The choice of covariance kernel implicitly imposes structure on $f$. As an example, some kernels are stationary, which implies that these kernels will be mean-reverting, while other kernels are non-stationary. Some kernels, like the squared-exponential kernel, imply infinitely-differentiable functions, while others imply finitely-differentiable or non-differentiable functions. Further, since the sums and products of covariance kernels are covariance kernels themselves, complicated structure can be imposed by composing an overall kernel for the function $f$ from many individual kernels. 
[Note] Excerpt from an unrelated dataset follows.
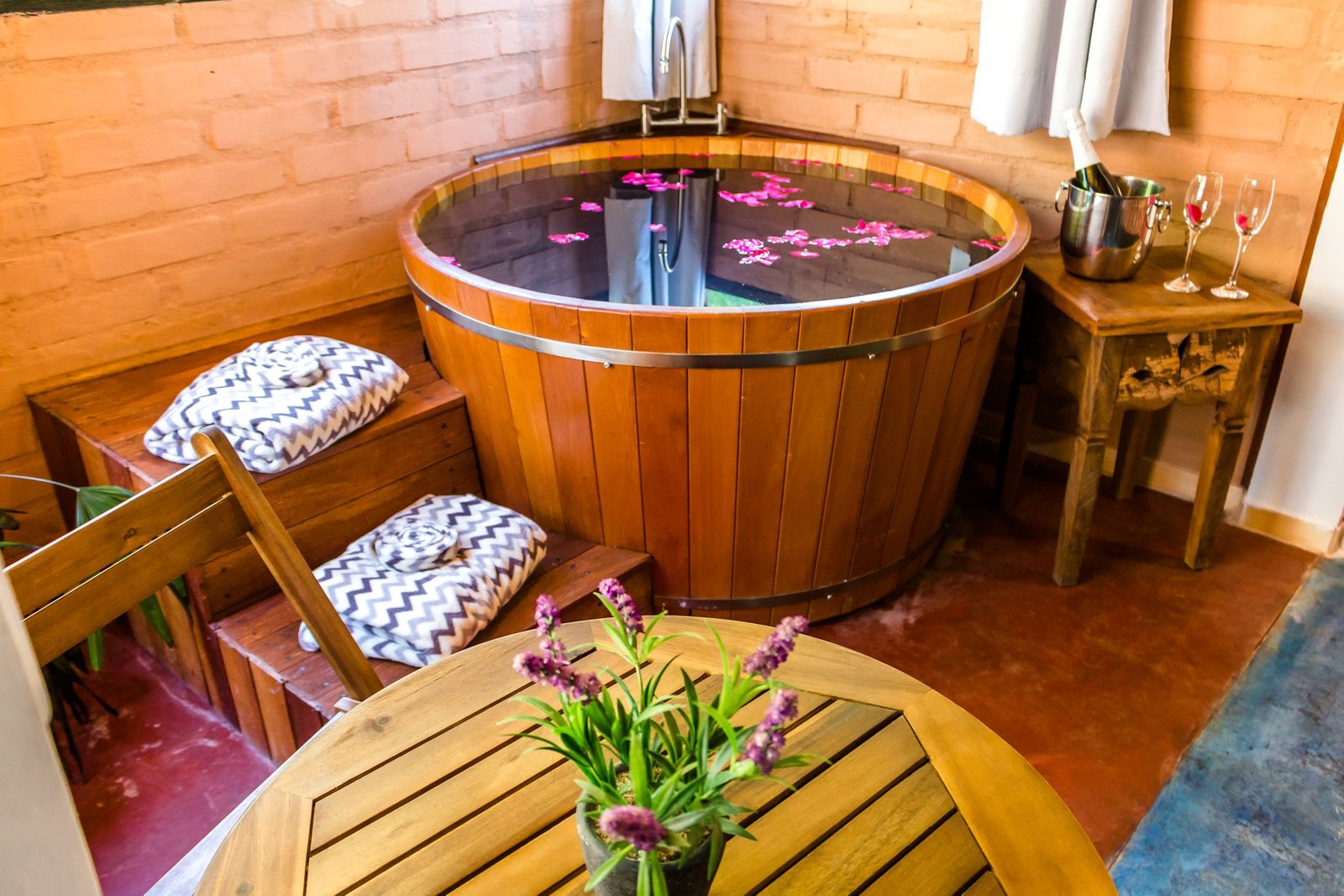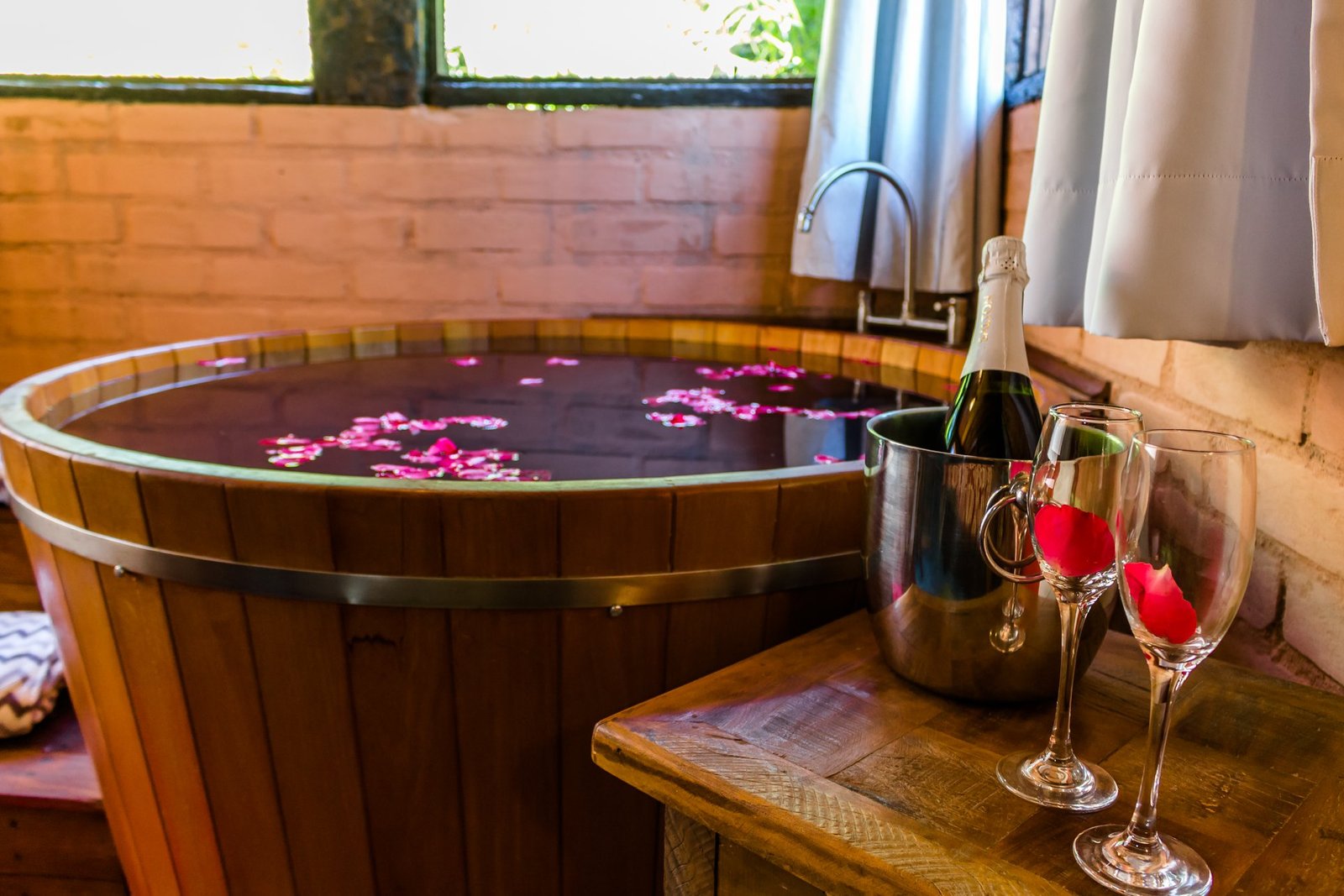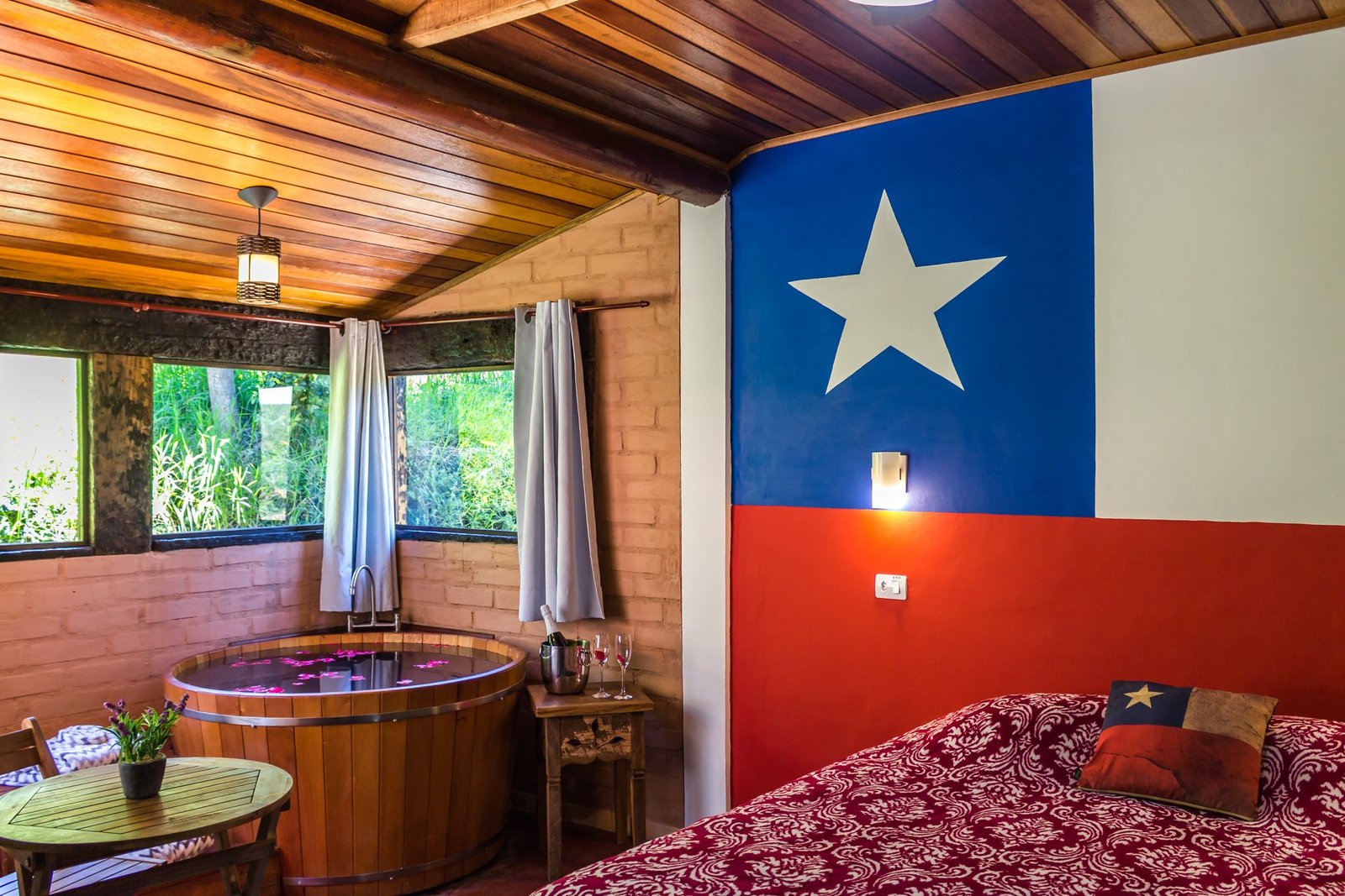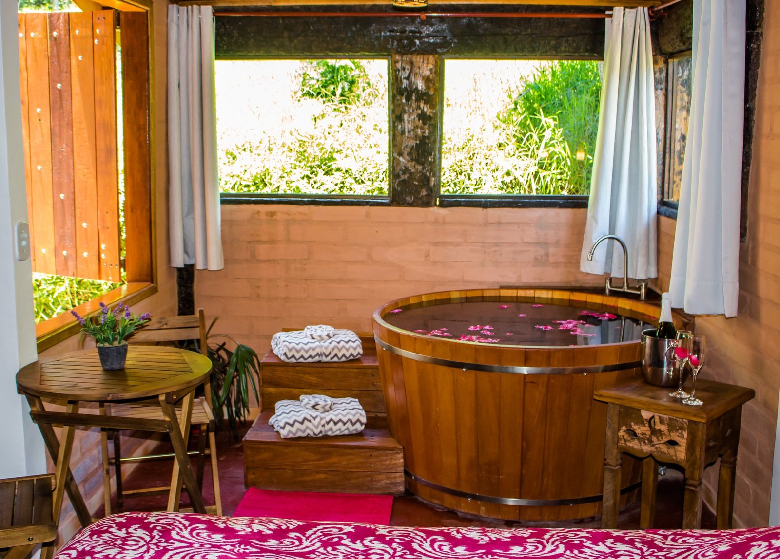 Suite charmosa e temática com lareira, Wifi, ofurô, ventilador de teto,ducha a gás, frigobar e varanda.

As an example of how to impose structure through kernels, take the analysis of recent trends in LFPR contained in Krueger (2017). He estimates linear trends from 2000-2007 for sixteen demographic groups and projects these trends out through the Great Recession to examine how much of the post-2007 decline could be explained by continuation of these pre-existing trends. This method imposes the structure that 1) trends in LFPR over time are linear, and 2) similar ages are likely to have similar LFPR (and hence similar trends). This structure can be captured by the product of a linear kernel over the time dimension with a squared-exponential kernel over the age dimension. Functions drawn from a prior with this composite covariance kernel inherit this structure. 

Expressing the structure of $f$ through the kernels is beneficial for comparative, expositional, and computational reasons. In addition to Krueger (2017), many statistical models of LFPR can be expressed as a composition of kernels, including the commonly used age, gender, and cohort fixed effects approach. This allows all models to be compared within a unified framework and makes it easier to understand the differences between models. This also eases computation, as many different models can be estimated on the same dataset just by changing the covariance kernel. 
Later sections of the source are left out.